Correcting debt you've already incurred is a matter of re-writing the code in question; a process called refactoring. By definition, it means spending time writing code that does not affect the functionality of the software, so you can imagine why developers are often left as the only advocates for it. That said, a software development process with a healthy attitude towards technical debt, allocates time for refactoring.

Prevention

Preventing additional, unintentional debt from being created is achieved through process (relying on skill is foolhardy). Proper mitigation (not actually prevention, because 100% effectiveness is not practically achievable) basically comes down to two things: time and attention.

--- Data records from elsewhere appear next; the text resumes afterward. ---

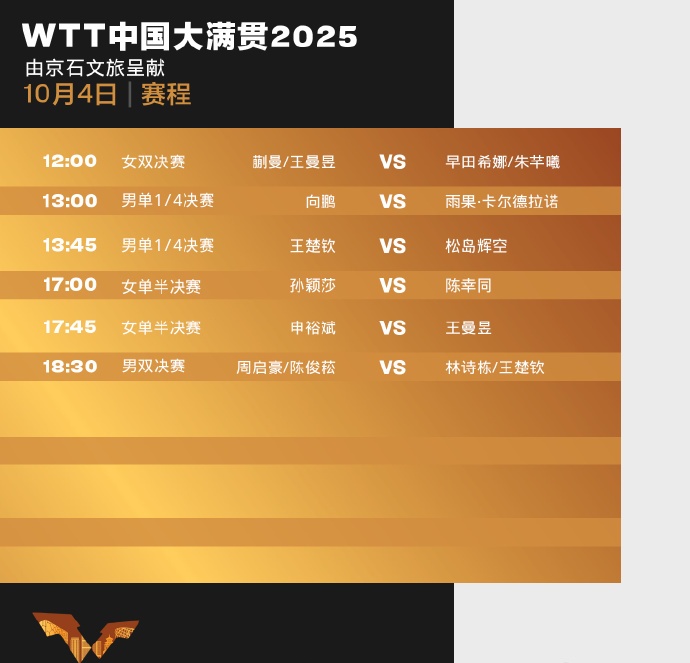 10月4日,中国大满贯2025年WTT继续进行。中国网球乒乓球型网球盖网球时间网球网球网球一起网球。 12:00 Women's Double Final Quayman/Wan Manyu vs Hayata Xina/Zhuxxi 13:00 Men's Singles Square Final Xiang Peg vs Hugo Caldorano 13:45 Men's Singles Square Final Wang Chukin vs Songdao Huikong 17:00 Women's Sun Yingsha Yings Final Zhou Qihao/Chen Junsheng vs Lin Shidong/Wang Chuqin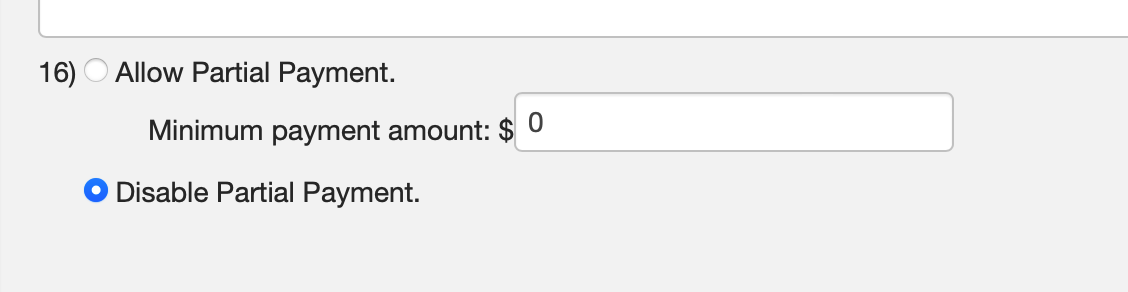 Lastly, you can decide if you want to allow for partial payments.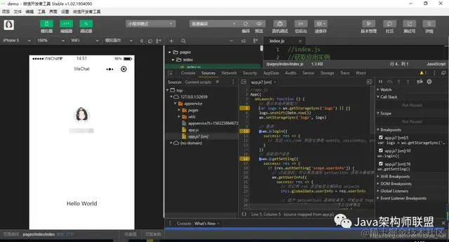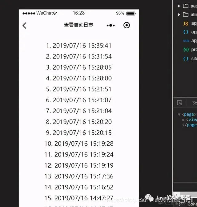 生成HelloWorld小程序之后点击它的主页面进入一个子页面可以查看启动的日志信息。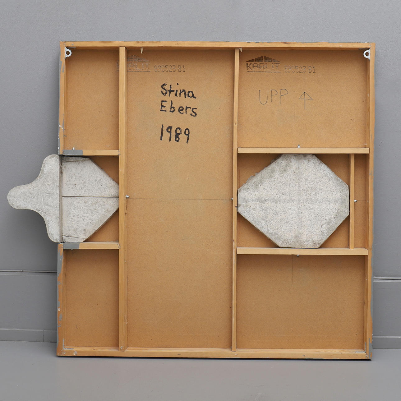 Olja på pannå med inslag av betong i relief. A tergo signerad och daterad 1989. 123x142 cm.

Good processes allocate enough time, not only for the proper development to occur, but for important development-enabling activities that are often misunderstood as optional or trivial:

  • Requirements gathering: incomplete or inaccurate requirements lead to designs built on bad assumptions.
  • Architecture & design: start at the whiteboard (not the keyboard) and consider all options before proceeding.

*Notable absence: testing. Highly important, but at this stage, the debt is already there and you're looking for defects.

These activities ideally occur throughout development (not just at the start) and as much as they need time, they also need attention.

Debt creeps in when no one is watching. Put more than one set of eyes on design-related activities.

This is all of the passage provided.